Grub-bhyve has access to the host filesystem through the '(host)' pseudofs. Considering that the typical Linux guest would have its grub configuration on its boot partition (as the handbook suggests: https://www.freebsd.org/doc/handbook/virtualization-host-bhyve.html) this means that having root permissions on the guest allows you to access the host filesystem on the next VM boot, for example:
* Add "source (host)/root/secret.txt" to the head of grub.cfg
* Add "myvalue=$password" to the kernel command line
* Shut down VM
* On the host: "echo password=verysecret12345 > /root/secret.txt"
* Launch VM
$ cat /proc/cmdline
console=ttyS0 BOOT_IMAGE=/boot/vmlinuz-4.4.0-75-generic root=UUID=e757cf85-936a-4fe8-b099-54046961756d ro myvalue=verysecret12345
As you can see this might be a critical information leak in certain circumstances, especially because you have to (?) run grub-bhyve as root on the host system.

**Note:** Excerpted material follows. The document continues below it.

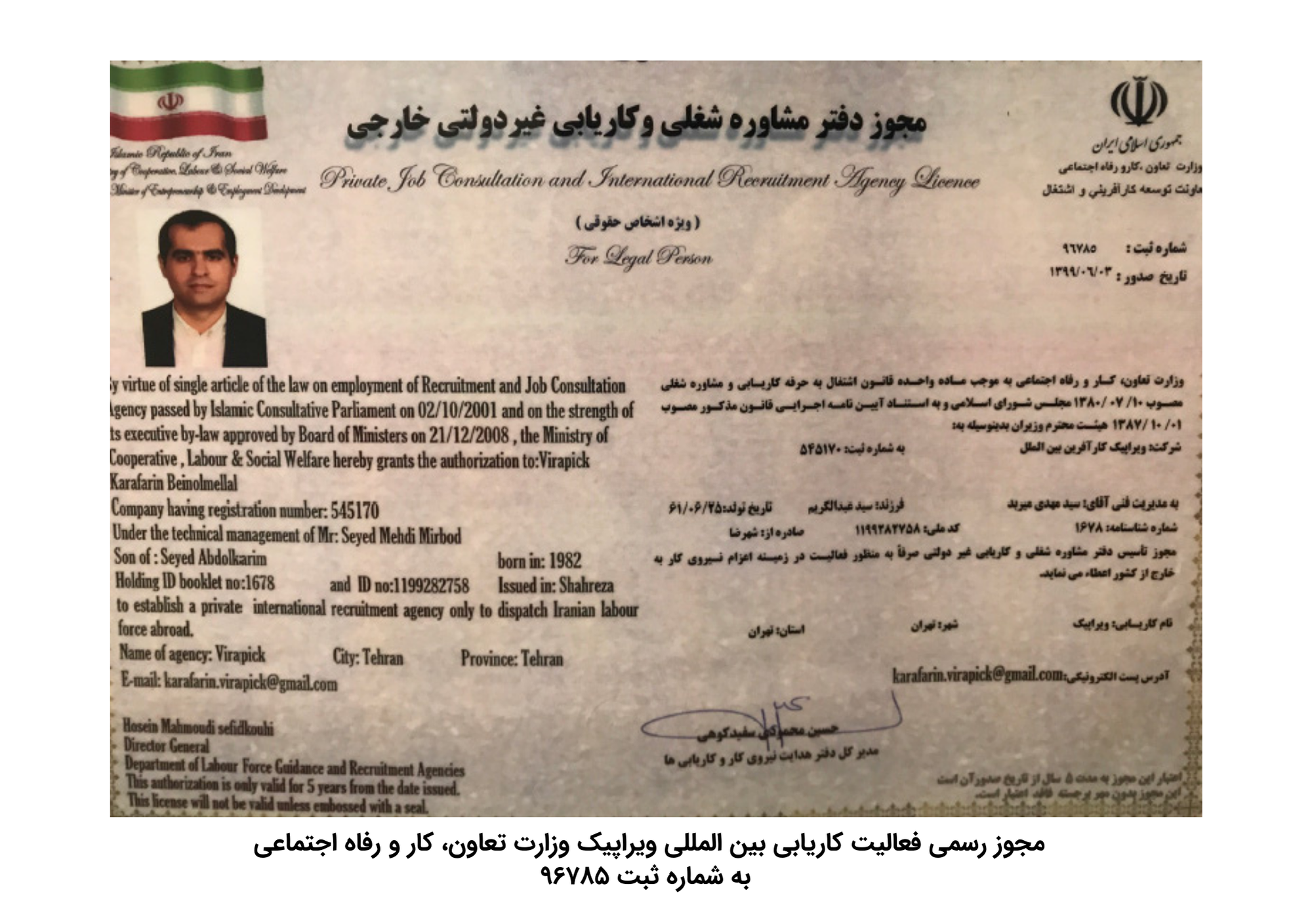 مجوز رسمی فعالیت کاریابی بین المللی ویراپیک
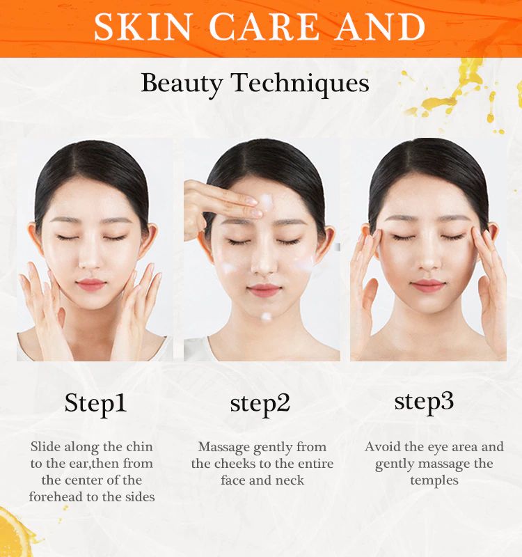 1.昼夜肌をクレンジングした後、顔と首にビタミンCを適切な量で塗布します。

Perhaps an option could be added to chroot the bootloader once it is done loading libraries and opening image/disk files? Module loading is disabled so the filesystem appears to be the only remaining attack surface.
Hmm, bhyveload doesn't provide a host filesystem by default unless it is enabled via a command line argument and the argument gives a subdirectory that all requests are made within. (There's no prevision for escaping the subdirectory via .. symlinks though IIRC.) I haven't looked at grub2-bhyve, but it seems like it should similarly only enable (host) if specifically configured by the user and not by default.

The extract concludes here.